Júnior conhece a caixa-preta da saúde - Elio Gaspari

 Folha de S. Paulo - O Globo

Ministro Luís Roberto Barroso poderá homologar a papelada da colaboração do empresário José Seripieri Júnior, da Qualicorp, feita à Procuradoria-Geral da República (PGR)

Nesta semana, o ministro Luís Roberto Barroso poderá homologar a papelada da colaboração do empresário José Seripieri Júnior, da Qualicorp, feita à Procuradoria-Geral da República (PGR). Há mais de uma semana, a repórter Bela Megale revelou que Júnior, como ele é conhecido, concordou em pagar R$ 200 milhões à Viúva pelas transações em que se meteu, alimentando caixas de políticos. Em julho, ele passou três dias na cadeia, e sua colaboração foi antecedida pela de um sócio.

Chegando a valer cerca de R$ 4 bilhões, a Qualicorp tornou-se uma campeã organizando planos coletivos de saúde. Como uma jabuticaba, ela nunca foi uma operadora, mas Júnior tornou-se um bilionário trabalhando num mercado onde se misturam capilés para políticos que colocam jabutis nas leis e azeitam-se promiscuidades com as agências reguladoras.

Finalmente, o Ministério Público acercou-se desse mercado. A Lava-Jato chegou perto, mas distraiu-se. Deltan Dallagnol, ex-coordenador da força-tarefa, recebeu pelo menos R$ 580 mil fazendo palestras para plateias da Unimed. Ele explicou que repassava os valores a entidades filantrópicas.

Quando a colaboração de Júnior for conhecida, será possível avaliar a sua profundidade. A operação Lava-Jato começou com muito menos, pois nela o fio da meada foi puxado a partir de um posto de gasolina que lavava dinheiro. A memória da Qualicorp, ou de qualquer grande operadora, guarda muito mais que isso. Os procuradores de Curitiba puxaram os fios e deu no que deu. A PGR está com o novelo na mão. Sabe-se que negociou uma multa milionária, mas a questão está também em outro lugar: na máquina desse mercado.

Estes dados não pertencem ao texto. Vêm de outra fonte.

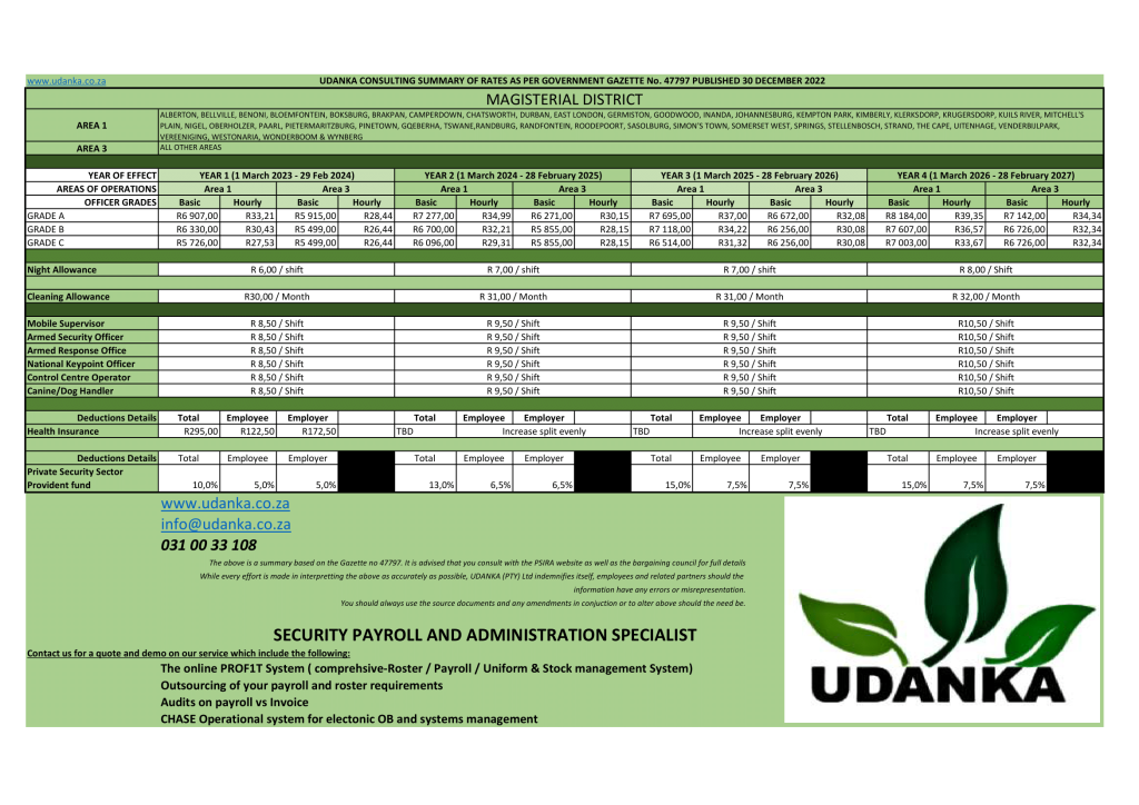 Udanka is affay with the sectoral determination 6 as well as the newly formed Bargaining Council for Security Services.

Pode-se dar de barato que a colaboração de Júnior levará para a mesa alguns políticos, provavelmente figurinhas fáceis de outros escândalos, alguns confessos, ou notoriamente mentirosos. Pelo cheiro da brilhantina, cairá na roda um doutor que queria cobrar os serviços do SUS.

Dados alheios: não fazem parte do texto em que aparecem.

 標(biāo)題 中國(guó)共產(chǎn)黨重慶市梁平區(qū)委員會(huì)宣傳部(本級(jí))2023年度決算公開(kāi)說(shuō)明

O valor da colaboração de Júnior poderá ser avaliada se ela tratar do funcionamento da porta giratória pela qual maganos saem do mercado e vão para as agências reguladoras, ou fazem o caminho inverso, sempre enriquecendo. Noutra vertente, pode-se vir a saber como se enfiou um jabuti numa Medida Provisória de 2015. Ele reduzia o valor unitário das multas aplicadas pela Agência Nacional de Saúde Suplementar quando o volume passasse de certos limites. Em bom português: quem delinquir muito pagaria menos que quem delinquiu pouco. Dilma Rousseff vetou o jabuti. Trata-se de perguntar, ouvir, anotar o nome do magano e chamá-lo a depor. Se for o caso, remetê-lo à carceragem.

Seripieri Júnior fez todo o caminho do mercado, conheceu suas vísceras e no ano passado começou a montar uma empresa fechada. Nela, ao contrário das operadoras que cobrem despesas com centenas de médicos, laboratórios ou hospitais, as operadoras fechadas têm suas listas e, sobretudo, seus hospitais. Graças a isso, controlam seus custos e acabam cobrando menos.

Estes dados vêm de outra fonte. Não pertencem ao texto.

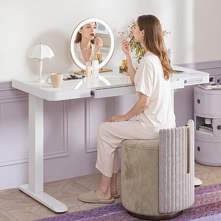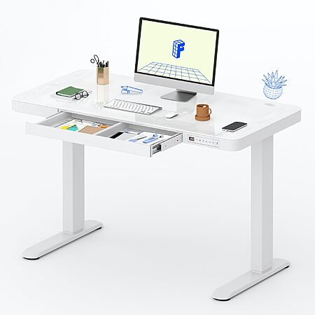 FLEXISPOT Comhar Electric Pure Glass Standing Desk with Drawer Desktop & USB Charge Ports, 48" Ergonomic Height Adjustable Sit to Stand Desk for Home Office (White, Glass) $279.98

A PGR está diante da oportunidade de abrir a caixa-preta dos planos de saúde. Basta expandir a operação abrindo um capítulo em que se fazem perguntas estranhas ao ritual, porém essenciais para o propósito da investigação. Assim foi com a Lava-Jato e assim foi com a investigação da Receita Federal e do FBI americano, que detonou as roubalheiras da cartolagem internacional do futebol.

A ideia segundo a qual se combate a corrupção com multas milionárias é pobre. Acaba criando uma espécie de pedágio, caro, porém imunizante. A turma dos planos de saúde, acossada pela perda de clientes e pela reação aos reajustes selvagens, já tentou dois saltos triplos. Num, no escurinho de Brasília, queriam mudar a lei que regula seu mercado. A elas, tudo, aos consumidores, nada. Noutro, querem privatizar serviços do SUS. Isso durante uma pandemia na qual tentaram negar cobertura para os testes de coronavírus.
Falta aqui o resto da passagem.